* **Information provided**
::::::::::

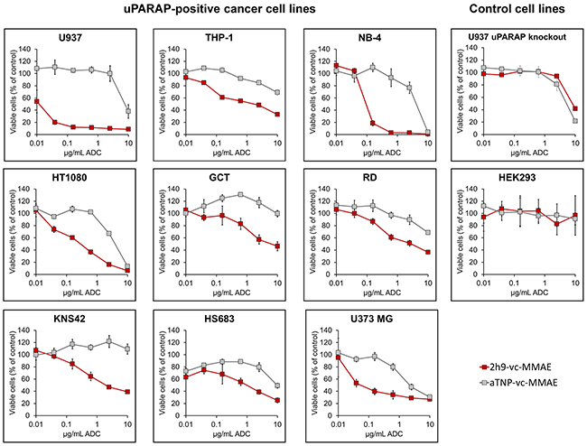 Figure 4: Effect of uPARAP-directed ADC 2h9-vc-MMAE on uPARAP-positive cancer cells in vitro. MTS-based cell viability assays. Curves display the concentration dependent reduction in cell population viability obtained with uPARAP-directed ADC 2h9-vc-MMAE (red) versus control ADC aTNP-vc-MMAE (grey) in uPARAP-positive U937, THP-1, NB-4, HT1080, GCT, RD, KNS42, HS683 and U373 MG cells, as well as in U937 uPARAP knockout cells and HEK293 cells. Viability is shown as percentage of viable cells, normalized to an untreated control population.
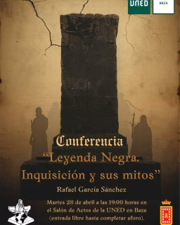 Adéntrate en uno de los debates históricos más apasionantes y controvertidos con la conferencia "Leyenda Negra. Inquisición y sus mitos", que tendrá lugar en Baza. Este martes, 28 de abril de 2026, a partir de las siete de la tarde, el Salón de Actos de la UNED de Baza abrirá sus puertas para acoger a Rafael García Sánchez, quien desgranará los entresijos de este periodo crucial de la historia española. La charla promete ofrecer una perspectiva profunda y crítica sobre la Inquisición y los mitos que la rodean, invitando a la reflexión y al análisis de los hechos históricos más allá de las narrativas preconcebidas.
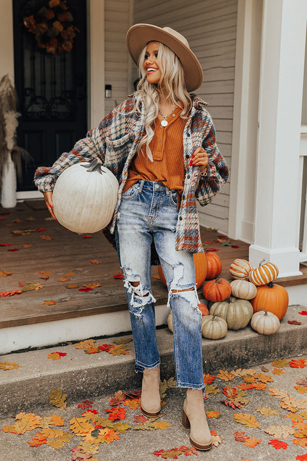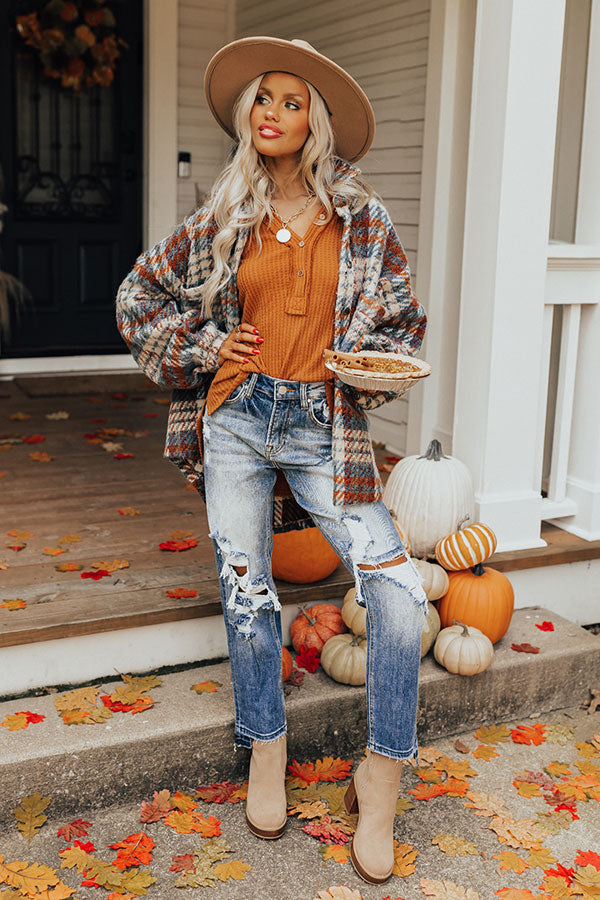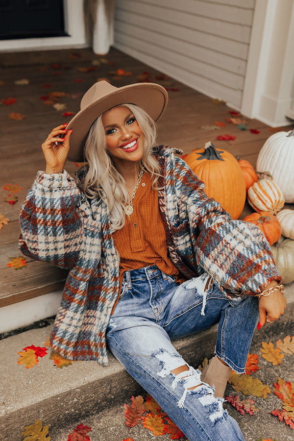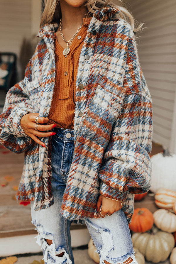 This warm and cozy button up knit jacket features a blue and rust hued plaid design, has two functional chest pockets, and long loose sleeves with button closure cuffs.
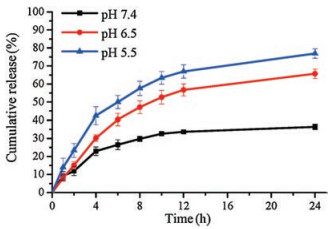 The drug release behavior of Cur-loaded micelles was examined at three pH values of 5.5, 6.5, and 7.4. Fig. 3 shows that the release of Cur from the micelles was varied clearly at different pH circumstance. At pH 7.4, the cumulative release of Cur within 24 h was less than 40%. When the pH was 6.5, the release of Cur increased significantly, and about 65% of the drug was released within 24 h. When the pH was set to 5.5, the release amount was further increased. The cumulative release of Cur exceeded 40% in 4 h and about 80% of Cur could be released in 24 h. The result indicated that the Cur-loaded micelles had obvious pH responsiveness due to the transition of PAE from hydrophobic to hydrophilic as discussed above. The tertiary amine groups on the PAE segments were protonated in acid condition, and the hydrophobic core formed by PAE became hydrophilic, which led to the collapse of the Cur-loaded micelles. Thus, the Cur encapsulated in the micelle was released, and the cumulative release rate varies significantly depending on the pH value.
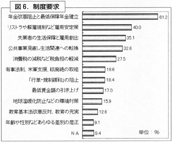 制度要求は図6のとおり。圧倒的に「年金改悪阻止と最低保障年金確立」が多く、国民に負担を押しつける政府の悪政をやめさせるとともに、厚生労働省の職員として、働きがいにも直結する制度要求に集中しました。続いて、「リストラや解雇の規制」「失業者の生活保障と雇用創出」となっており、政府の進める失業・雇用対策の実効性がないことを表しています。
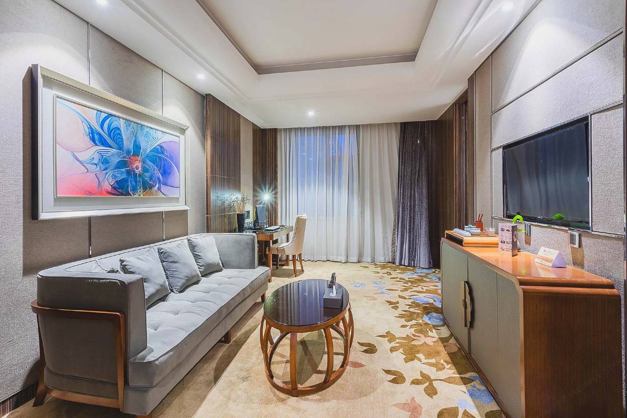酒店建筑面积2万多平方米,拥有两百余间新中式奢华客房,房间配有24h中央空调、茗茶及咖啡等设施,另推出零压力房、氧吧房及影院房型供您选择。
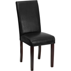 - The classic leather upholstered parsons chair is a versatile seating option for your home and office.Sleek lined panel stitching, high density foam padding, solid hardwood frame construction, mahogany frame finish and leather upholstery make them comfortable, durable and attractive. Parsons Chairs with leather upholstery bring a polished, professional look to the office. And leather's stain resistance and easy cleaning is especially important in the dining room. Skirted chair covers can be used to soften their lines for living rooms and bedrooms. Order a set of Parsons Chairs for your dining room and a couple more for the office!
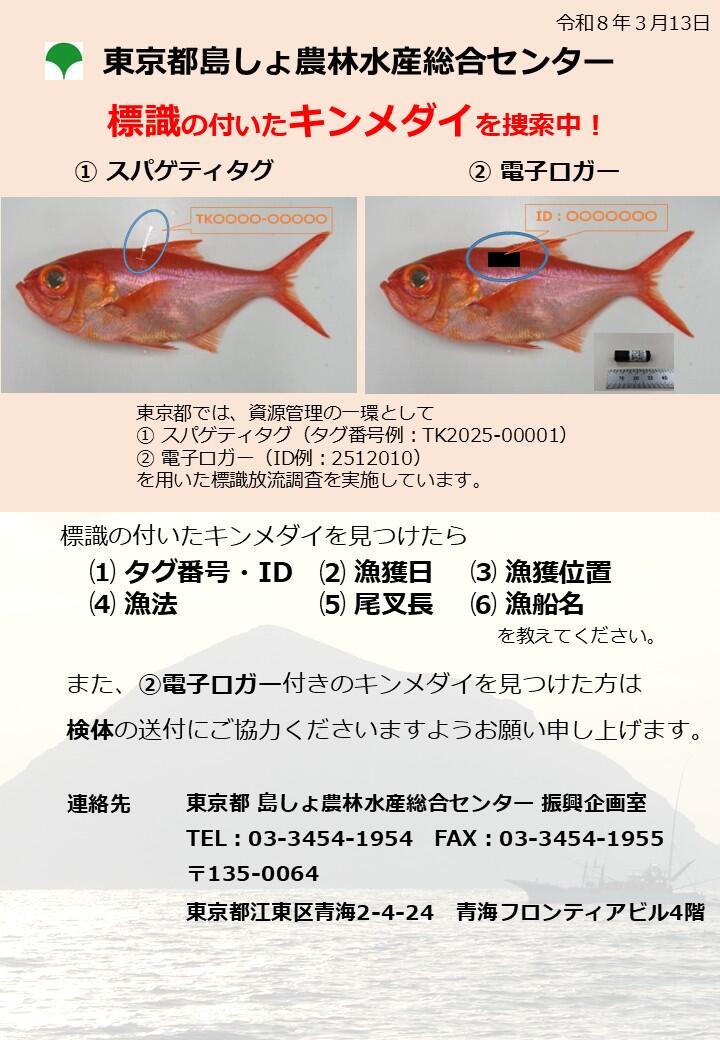 を用いた標識放流調査を実施しています。標識の付いたキンメダイを見つけたら、
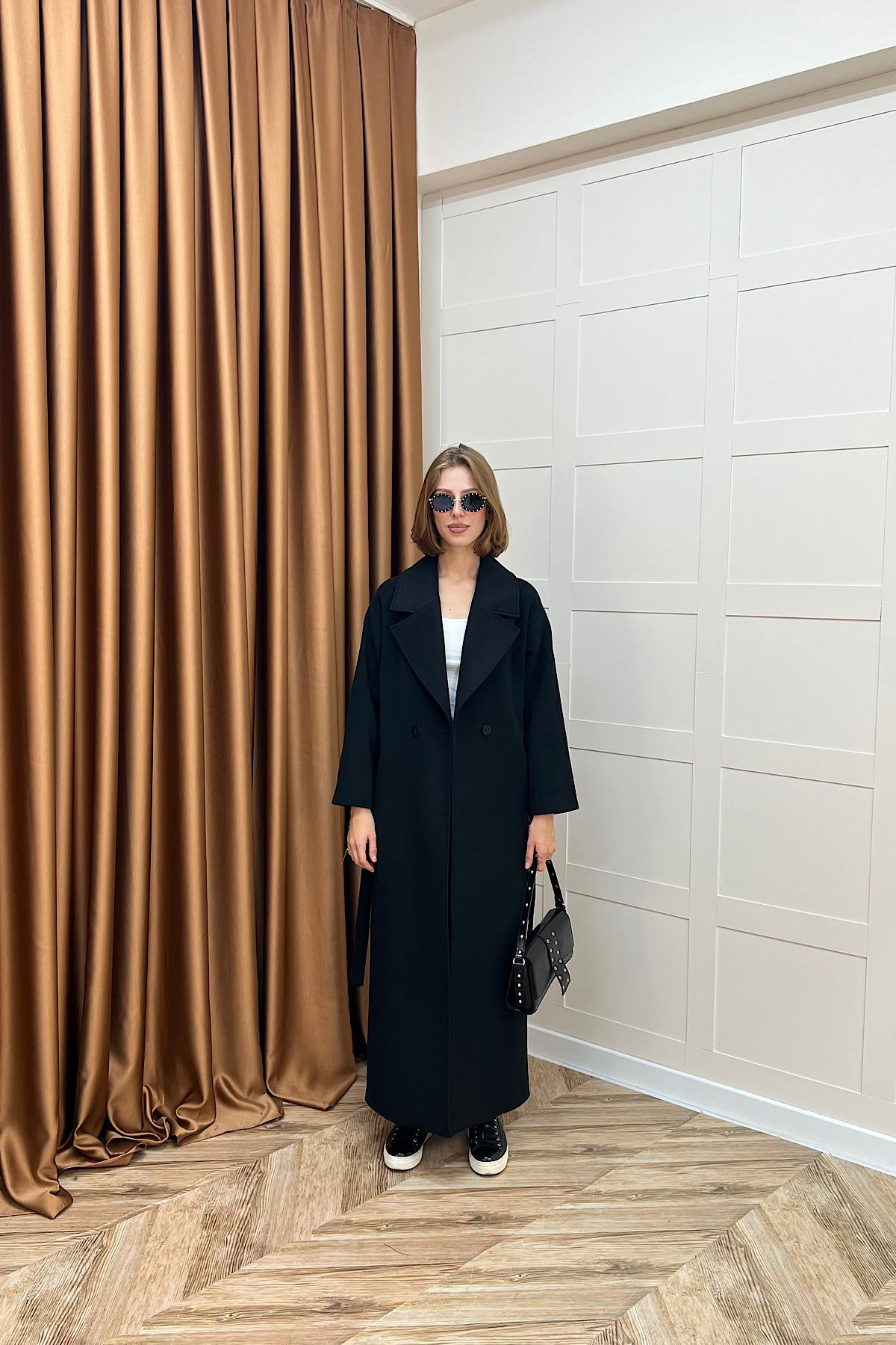 Retro Premium Kumaş Uzun Kaşe Kaban Siyah (5509-SIYAH)
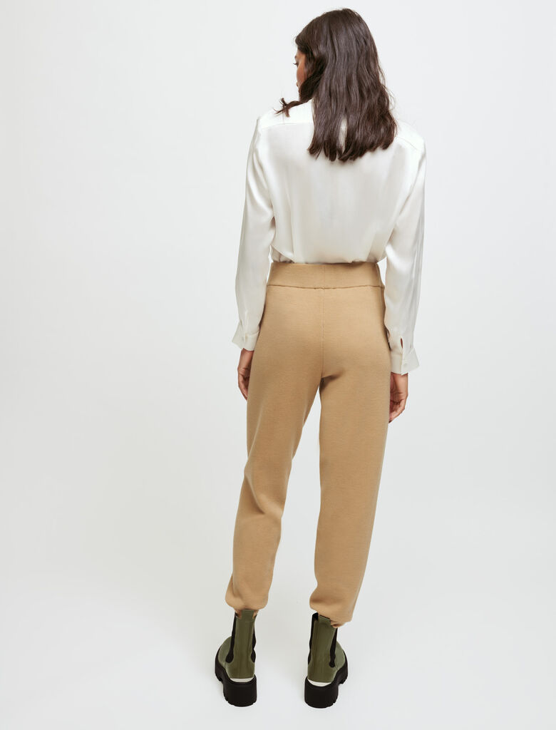 Pantalon droit en maille légèrement stetch resserré en bas par des bords côtes. Poches sur les côtés. Elastique à la ceinture.

::::::::::

* **Goal of the exercise**
With the pictures left out, give again exactly the lines from the one with "Retro Premium Kumaş" through the end of the data, both included.

* **Expected answer**
 Retro Premium Kumaş Uzun Kaşe Kaban Siyah (5509-SIYAH)
 Pantalon droit en maille légèrement stetch resserré en bas par des bords côtes. Poches sur les côtés. Elastique à la ceinture.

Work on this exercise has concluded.